NASD remembers Sara Lee with great respect and deep affection, and joins her family, colleagues, and friends in mourning her loss. She fulfilled her responsibilities with a kind heart and a soft voice. She generated an aura of welcome and inclusion wherever she went. She advanced the cause of dance and fulfilled her responsibilities with wisdom, always in the service of art, learning, and spirit. She saw her field in the glory of its breadth, the fullness of its accomplishments, and the vastness of its great potential; she wanted everyone to see and enjoy these things with her and invited them to do so with pride in the truths each exemplified. She spent her days nurturing dance and the people around her whoever they were, whatever they did, whatever they knew.
During Sara Lee’s NASD presidency from 2009 to 2012, the association worked with issues such as multidisciplinarity, technology and especially multimedia, justification and management challenges in difficult financial times, terminal graduate degrees in dance, relationships between professional studio schools and degree-granting institutions, and management and advocacy issues for administrators. These broad topics provided frameworks for detailed considerations applicable to performance and choreography, research and scholarship, education, and the relationship between the three. She was a master at consensus building, always knowing the point at which consensus was sufficient and complete as a basis for detailed work best left to the creative uniqueness of individuals and institutions.
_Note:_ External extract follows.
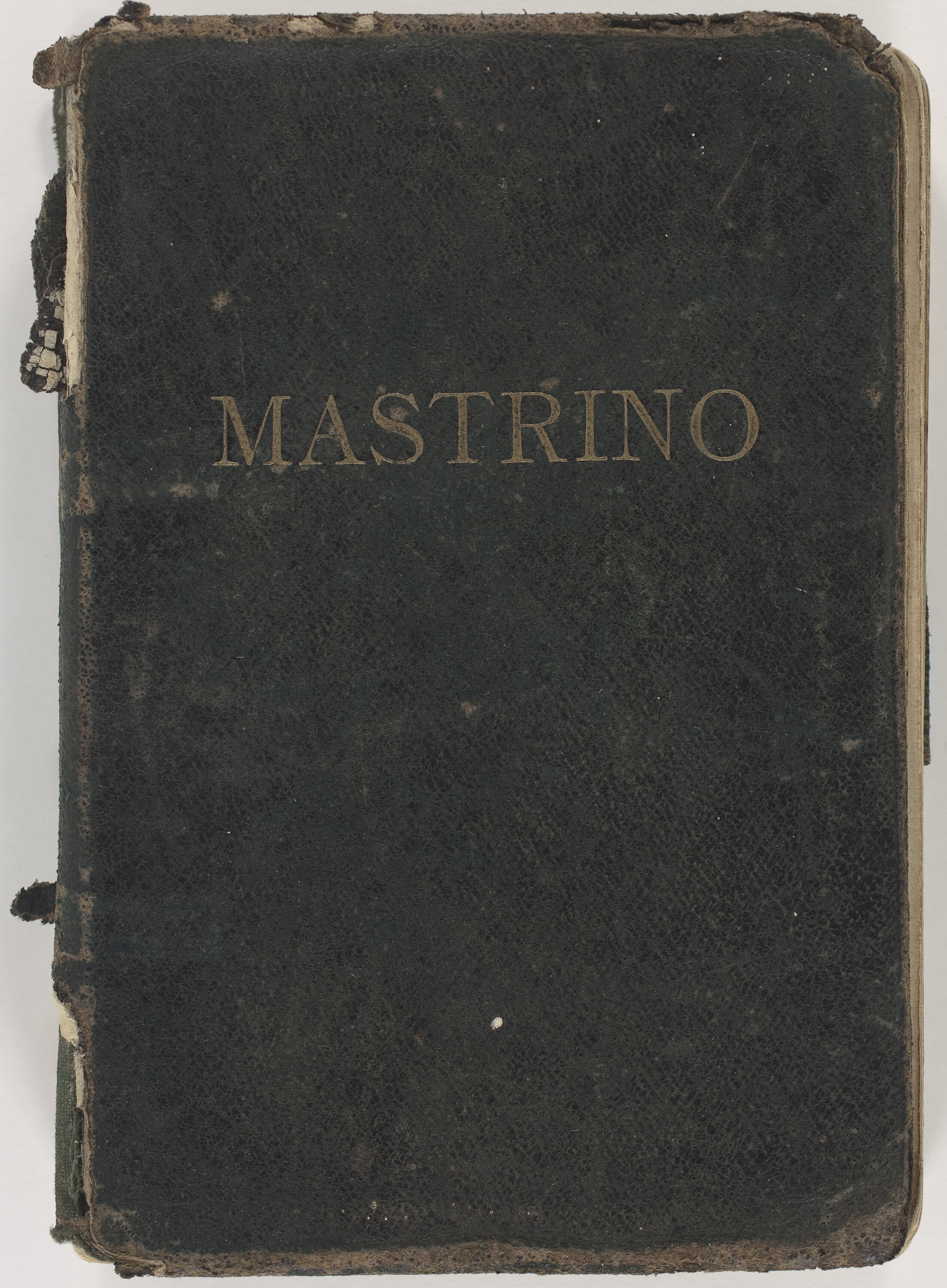 Mastrino notebook with black leather cover. The pages in the notebook are divided into lettered sections. There is extensive handwritten text within the notebook.

Many senior institutional representatives to NASD remember that circumstances surrounding the attacks of September 11, 2001 caused cancellation of the association’s annual meeting that year. The morning of the attack, the NASD Commission on Accreditation was already at Snowbird, Utah and soon they were stranded because passenger air service was shut down. Commendably, over the next days, Commission members brought the Commission’s work to completion under the pressures and tensions of those days. Sara Lee, a member of the Commission at that time and a Utahan, poured out her spirit and her resources to support the welfare of Commission members shaken, and temporarily captive to events beyond anyone’s control. Her actions reminded all who knew them of the healing powers of sensitivity, generosity, and faith, not just in general, but also Sara Lee’s in particular. It is just such examples that teach and inspire and radiate perpetual spiritual energies that underlie the greatest work in various aspects of dance and the other arts. The effects of Sara Lee’s work continue on. NASD joins many others in deep appreciation for the privilege of being near such a constant and powerful source of beauty, dedication, and goodness to all.